Beberapa saat kemudian, Brian akhirnya melepaskan pelukannya dengan enggan. Ia menatap Serena untuk terakhir kali sebelum berbalik, melangkah menuju ke motornya.
Serena masih terpaku di sana, matanya tak lepas mengikuti setiap gerakan Brian. Mulai dari saat Brian mengenakan helm, menyalakan mesin motor, lalu perlahan melaju pergi meninggalkan dirinya. Suara mesin motor itu semakin lama semakin terdengar rendah, menyatu dengan desiran angin pagi yang menerbangkan ujung jaket Brian. Serena tetap berdiri di tempatnya, tak bergerak, menatap punggung Brian yang kian mengecil, hingga akhirnya menghilang di balik tikungan jalan.
Hanya saat itu, Serena menyadari betapa hampa udara di sekelilingnya tanpa kehadiran Brian. Ruang yang ditinggalkannya terasa begitu luas, seakan mengisyaratkan kekosongan yang tak tergantikan.
Ketika ia kembali ke kantor, bekas kesedihan masih tersirat di wajahnya. Matanya yang sedikit merah tak luput dari perhatian Lila.
"Hei, kau habis nangis, ya?" godanya.
"Enggak," jawab Serena cepat, meski jelas bahwa itu bohong.
Lila terkekeh pelan. “Ditinggal pacar LDR memang menyedihkan.”
Serena hanya bisa manyun, berusaha menyembunyikan kegelisahan yang menggerogoti hatinya.
"Karena urusanku sudah selesai. Mending kamu balik ke ruanganmu sana," ujarnya sambil melirik Lila.
"Idih, bukannya bilang makasih, malah disuruh pergi." Lila mencibir sambil memasang raut pura-pura kesal.
"Iya, iya. Terima kasih, Queen Lila, sudah mau backup tempat saya—meskipun cuma sebentar."
Lila menyipitkan mata, lalu tersenyum puas. “Aku s**a itu.”
"S**a apa?"
"Panggilan 'Queen Lila'."
Selagi Lila dan Serena saling berdebat, Adhan mengamati interaksi mereka dari balik kaca dinding yang membatasi antara satu ruangan dengan ruangan yang lain. Tatapannya tajam, seolah mencoba membaca setiap ekspresi yang terpancar dari wajah Serena.
Sebagai rekan kerjanya, Dimas ikut memperhatikan arah pandang Adhan. Dengan senyum khasnya yang jahil, ia menyelutuk, "Dia lucu juga ya. Seandainya aku punya pacar yang menangis seperti itu saat aku pergi."
Adhan memasang wajah tak s**a, alisnya berkerut sedikit.
Dimas menyipitkan mata, senyumnya semakin lebar. "Jangan bilang kau cemburu?" goda pria itu, mencoba memancing reaksi.

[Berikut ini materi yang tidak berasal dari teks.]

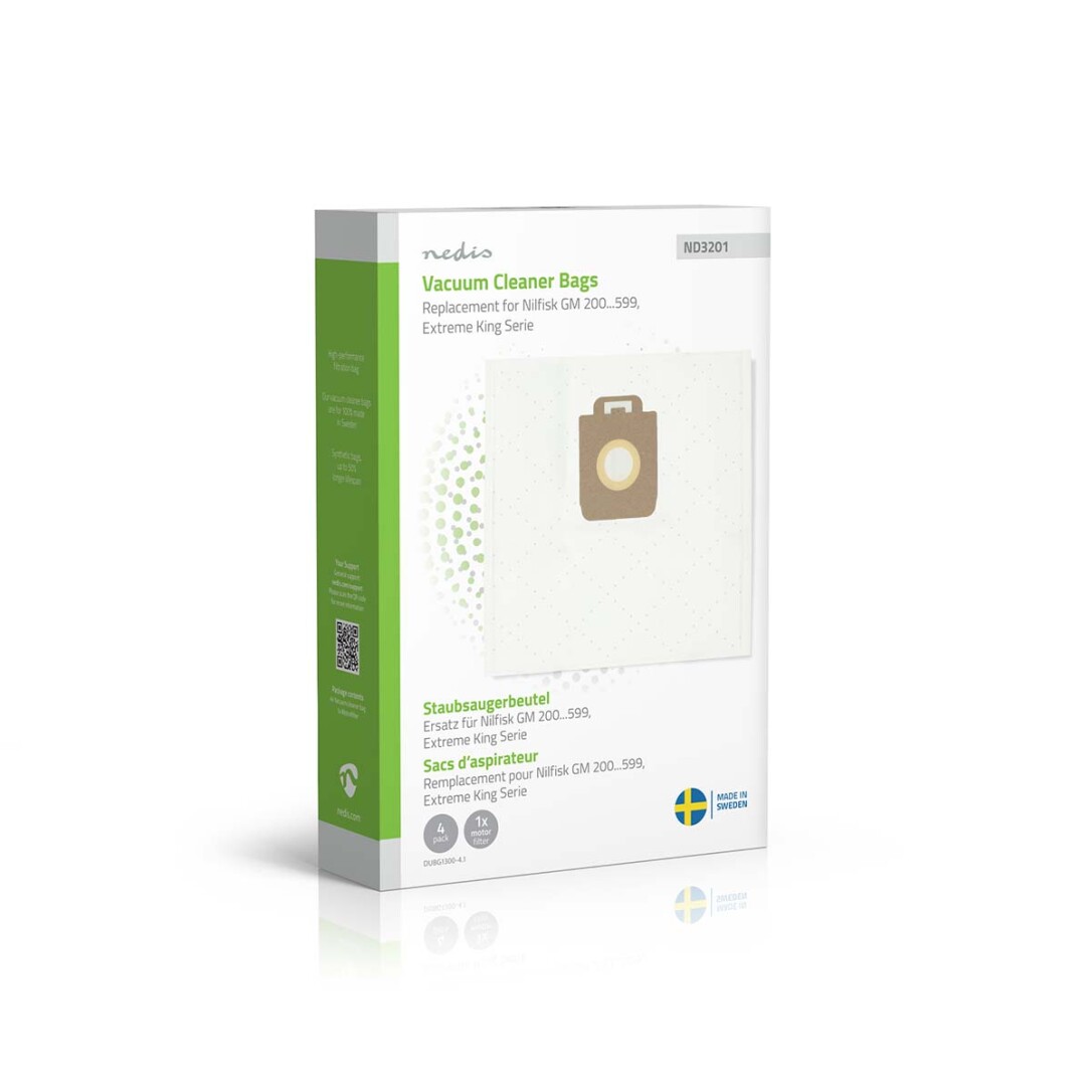 Nedis Staubsaugerbeutel / 4 Stück / Synthetik / Meist verkauft für: Nilfisk Extreme - King Series / Nilfisk GM 200 - 599 / Weiss

"Sulit tertarik sama orang yang sudah punya pasangan," jawab Adhan singkat, suaranya datar namun tegas. Ia mencoba mengalihkan pandangannya kembali ke layar komputer, seolah tak terusik dengan perkataan Dimas.
Dimas tertawa kecil, menggelengkan kepala. "Bagaimana kalau aku kenalkan kau dengan teman-temanku? Siapa tahu ada yang cocok," usulnya, masih dengan nada bercanda.
"Nggak tertarik." Adhan membalas tanpa menoleh.
Mendengar jawaban itu, Dimas berdecit kecil, menghela napas seolah menyerah.
"Baiklah, Bos. Kalau begitu, kita lanjut kerja saja," ujarnya sambil kembali ke meja kerjanya, meninggalkan Adhan yang masih sesekali melirik ke arah Serena.